> _SUPPLIED RECORDS_
........

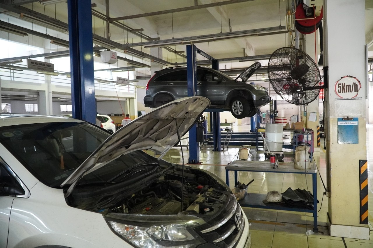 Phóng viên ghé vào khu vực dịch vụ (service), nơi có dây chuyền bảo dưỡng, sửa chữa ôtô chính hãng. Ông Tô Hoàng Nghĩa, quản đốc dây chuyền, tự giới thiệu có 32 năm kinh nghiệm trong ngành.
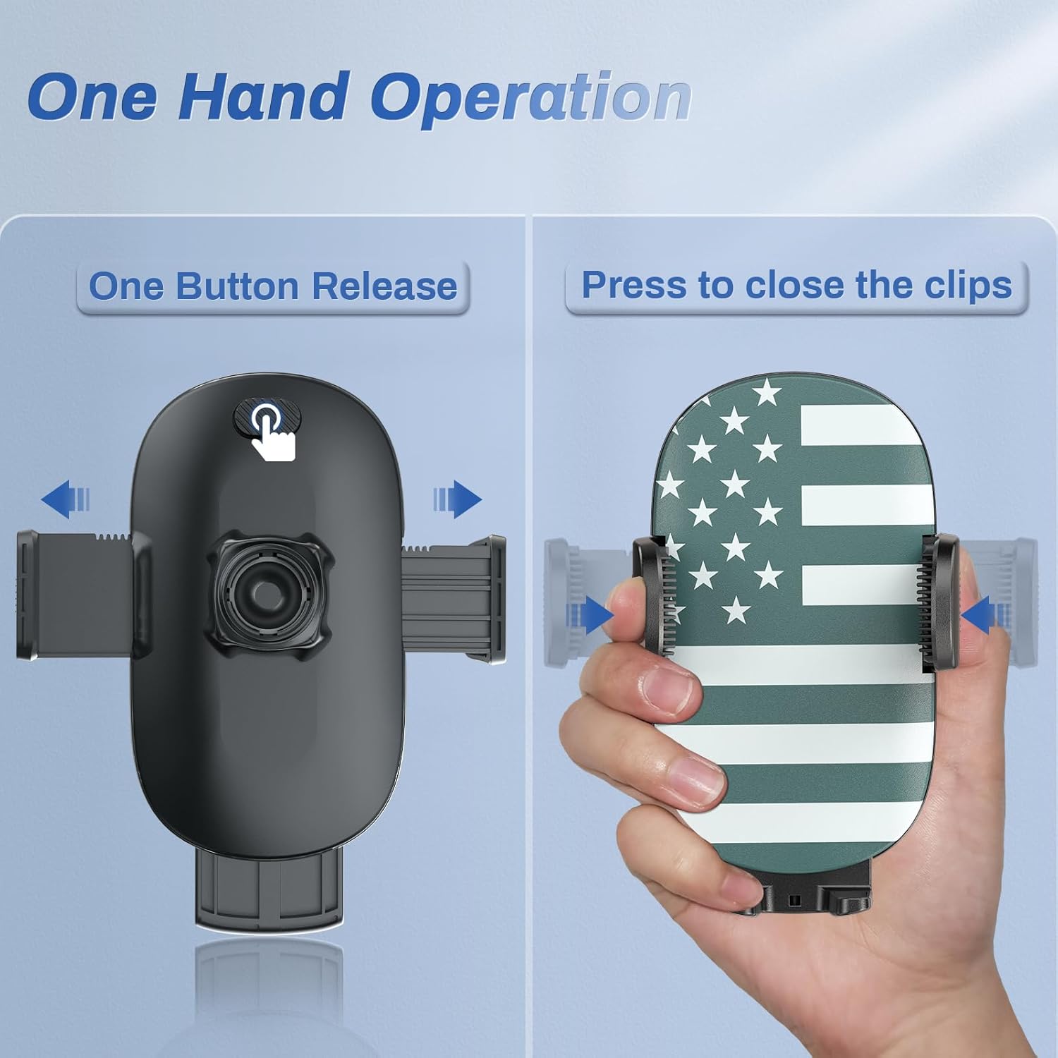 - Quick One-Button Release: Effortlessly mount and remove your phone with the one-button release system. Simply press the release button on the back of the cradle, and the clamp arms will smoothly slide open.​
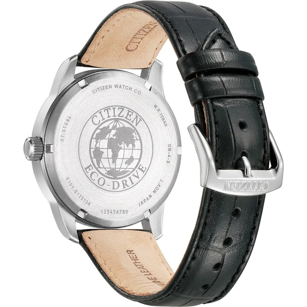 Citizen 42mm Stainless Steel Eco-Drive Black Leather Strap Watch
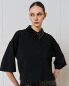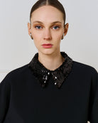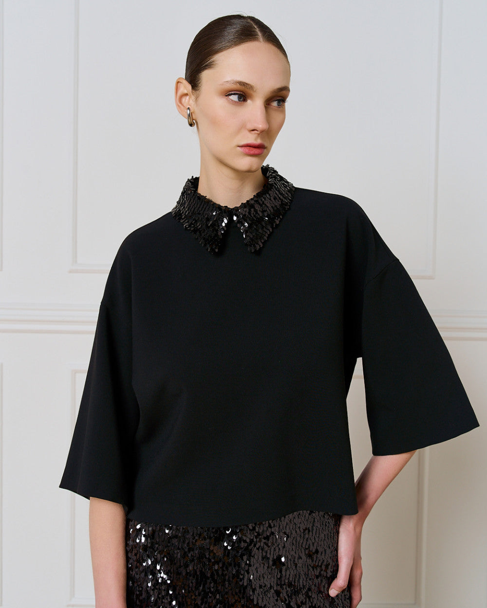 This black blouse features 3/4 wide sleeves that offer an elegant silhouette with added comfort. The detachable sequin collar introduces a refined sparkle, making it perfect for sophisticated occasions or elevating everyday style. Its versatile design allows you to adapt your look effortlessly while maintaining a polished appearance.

........

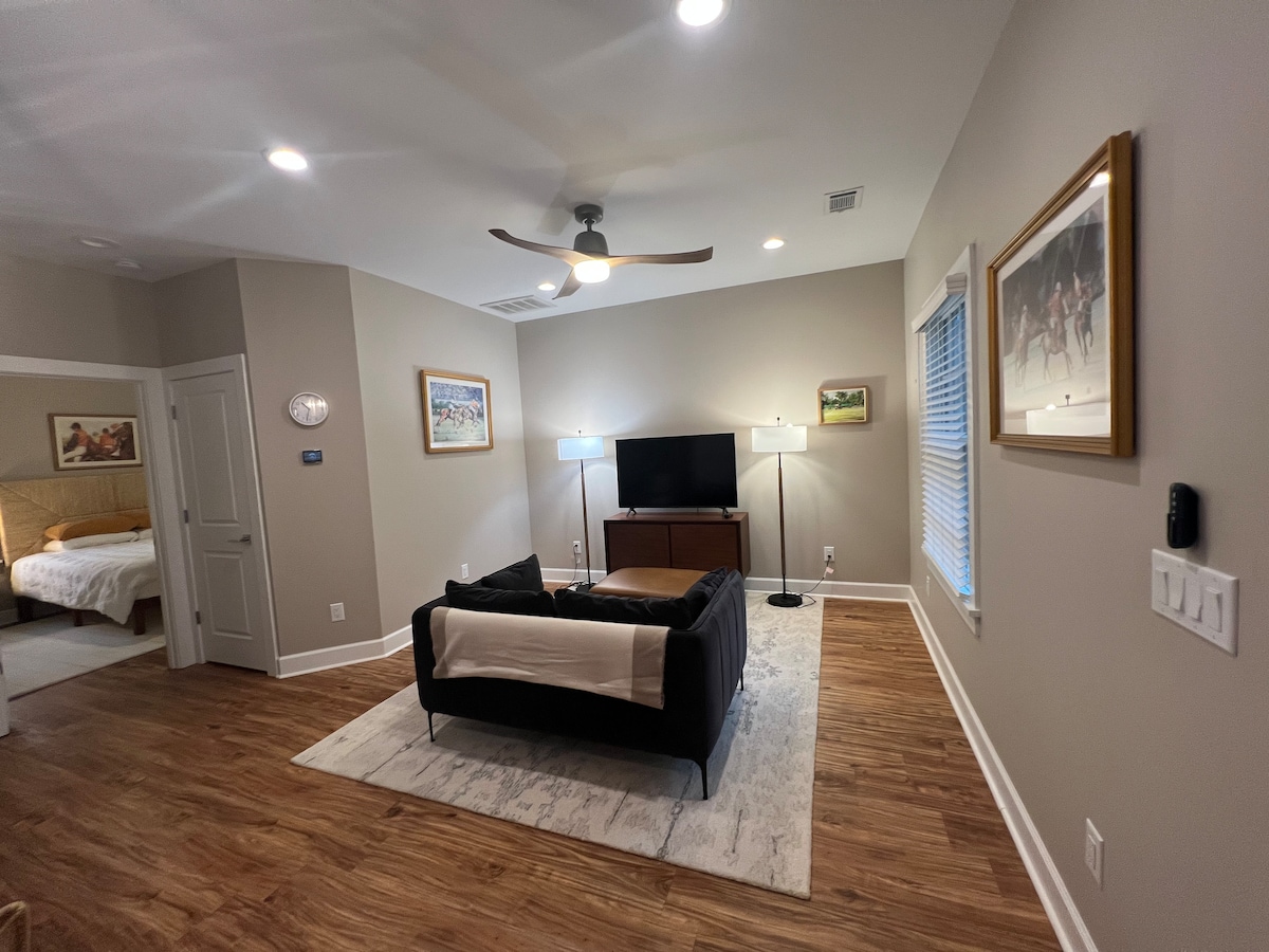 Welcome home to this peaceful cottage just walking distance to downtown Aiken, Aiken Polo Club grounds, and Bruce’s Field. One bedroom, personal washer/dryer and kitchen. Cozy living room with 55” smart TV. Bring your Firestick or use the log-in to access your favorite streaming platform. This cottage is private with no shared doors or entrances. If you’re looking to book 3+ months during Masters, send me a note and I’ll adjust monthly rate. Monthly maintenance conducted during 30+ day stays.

........

What you write must match the listing exactly, from the line with "- Quick One-Button" up to and including the line with "Citizen 42mm Stainless". Pictures stay out.

 - Quick One-Button Release: Effortlessly mount and remove your phone with the one-button release system. Simply press the release button on the back of the cradle, and the clamp arms will smoothly slide open.​
 Citizen 42mm Stainless Steel Eco-Drive Black Leather Strap Watch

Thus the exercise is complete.